It’s already well known that in the world of socially conscious shopping, fast fashion is a dirty word. But when endless trend cycles and overconsumption are so normalized, how do we get off this high-speed train to nowhere?
The fashion industry accounts for around 10 percent of global carbon emissions and uses more energy than the aviation and shipping industries combined, as reported by the BBC.
Starting with raw materials, growing the cotton needed to make one pair of jeans requires more than 2,500 gallons of water, the same article reported. Then there’s emissions from transporting products from overseas factories to stores or home addresses. Even while they’re being used, washing clothes made with polyester releases microplastic into our water. And when we’re done wearing them, items are likely to head to a landfill.
The BBC reported in another article that almost 60 percent of young people feel highly worried about climate change. But even with these values, the social aspect of fashion combined with tight budgets makes college students very susceptible to fast fashion.

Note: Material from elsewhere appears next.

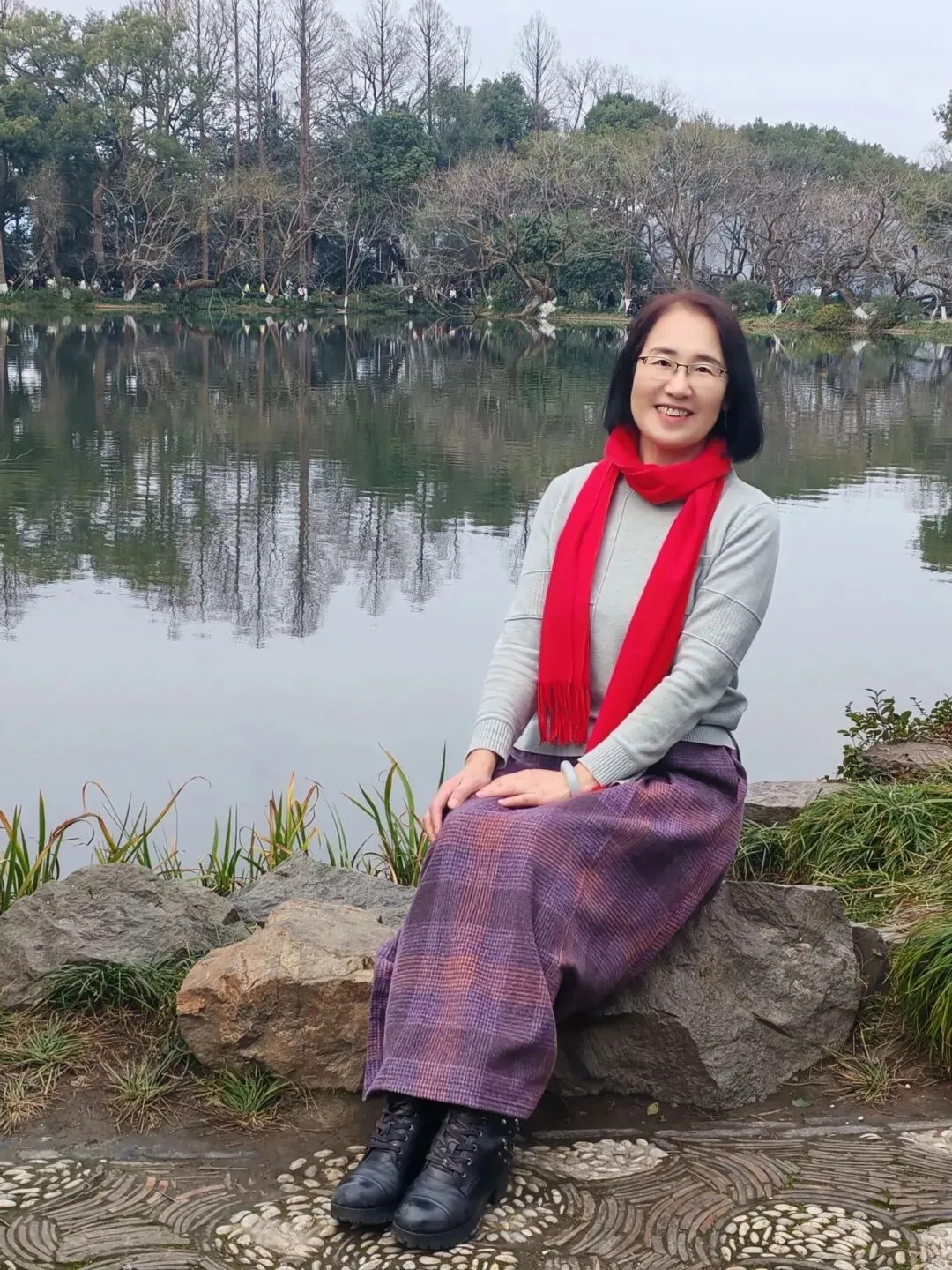 静坐的姿态最能凸显知性温柔,没有站立的紧绷感,搭配周边绿植、湖水,画面安静又治愈,把岁月沉淀的柔美尽数展现。

“Fast” fashion specifically is an industry where clothing is made in cheap, trendy styles meant for consumers to cycle through quickly, discard and then come back for more. Marked by overconsumption, the cycle is only getting faster.
“There used to be only four seasons: winter, spring, summer, fall,” said Emily Trujillo, who had been the president of the DePaul Fair Trade Committee before graduating last quarter. “Now there’s 52 weeks of fashion. Companies are trying to get as much out of their workers as possible.”

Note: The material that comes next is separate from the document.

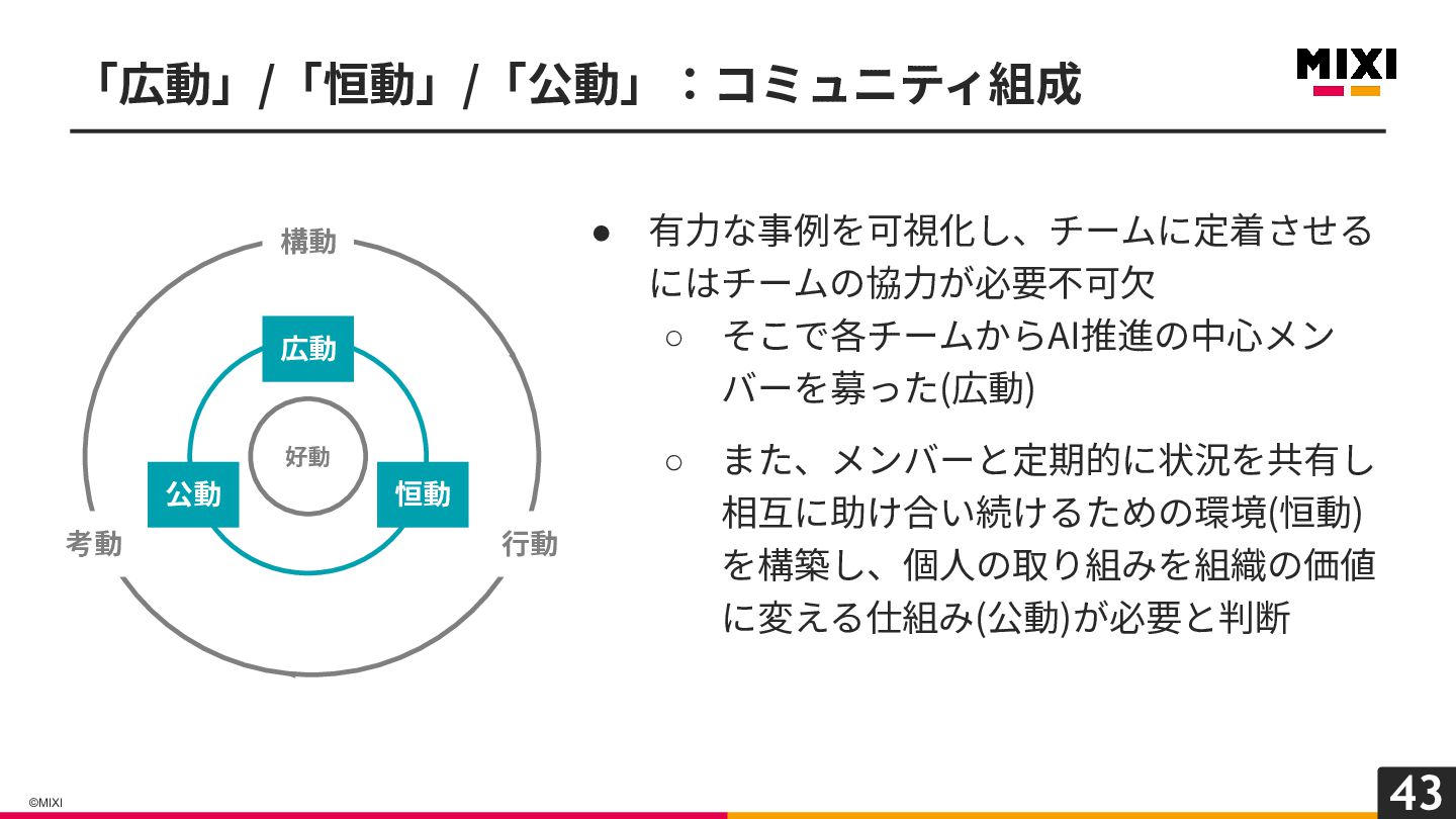 43 ©MIXI • 有⼒な事例を可視化し、チームに定着させる にはチームの協⼒が必要不可⽋ ◦ そこで各チームからAI推進の中⼼メン バーを募った(広動) ◦ また、メンバーと定期的に状況を共有し

Fast fashion has not only an environmental impact, but a human impact. Part of Fair Trade’s mission is to counteract the poor working conditions and underpaid labor that is all too common in manufacturing clothes for large fashion brands. Fair Trade promotes more ethical alternatives, where products have to pass rigorous social and environmental standards to be certified as Fair Trade.
DePaul’s Fair Trade chapter held their “Fashion Revolution” event last month featuring an ethical clothing fashion show, clothing swap and guest speaker. The annual event is in remembrance of the Rama Plaza factory tragedy, when a garment factory in Bangladesh collapsed. Over 1,000 people were killed making clothes for fast fashion brands, including Primark, which has a three-story store just blocks from DePaul’s Loop campus.
“I think us as consumers have this concept of out of sight out of mind,” Trujillo said. “We only check the label to see the name [of the] brand, not to check where it was made.”
Barbara Willard is an associate professor at DePaul who specializes in environmental communication and works in promoting pro-nvironmental behavior among consumers.
“The tricky thing is that there’s something called the attitude behavior gap,” Willard said, where people’s actions don’t match up to their reported values. “So it’s a challenge to try and really get people to change their behavior.”
But trying to shop sustainably isn’t always easy: most Fair Trade and sustainable brands are priced out of the college student budget, and few are size-inclusive. And to young people’s credit, fast fashion has been largely all Gen Z has ever known, with the production model beginning in the ’90s and exploding in the years since then, as one Vox article explained.
“It’s not like you can just tell people [the negative impacts of fast fashion] and they’ll stop behaving in that way,” Willard said. “They have to have a convenient alternative.”
Online second-hand shopping has added convenience to thrifting with apps like DePop and ThreadUp. But often, searching for a second-hand item just isn’t as simple as buying clothes in department stores or with Amazon Prime.
“Our culture needs to have a serious, critical look at our desire for convenience and what it costs us socially and environmentally,” Willard said.
Willard noted that social norms have a big impact on people’s shopping habits as well. Working to stigmatize fast fashion shopping while promoting activities like thrifting and upcycling as trendy, as many thrifters have done through social media, can help the shift to slower fashion appear easier and more appealing.
But also taking over the trends are “hauls” on TikTok from brands like SHEIN, where buying dozens of cheap pieces online is both normalized and glamourized.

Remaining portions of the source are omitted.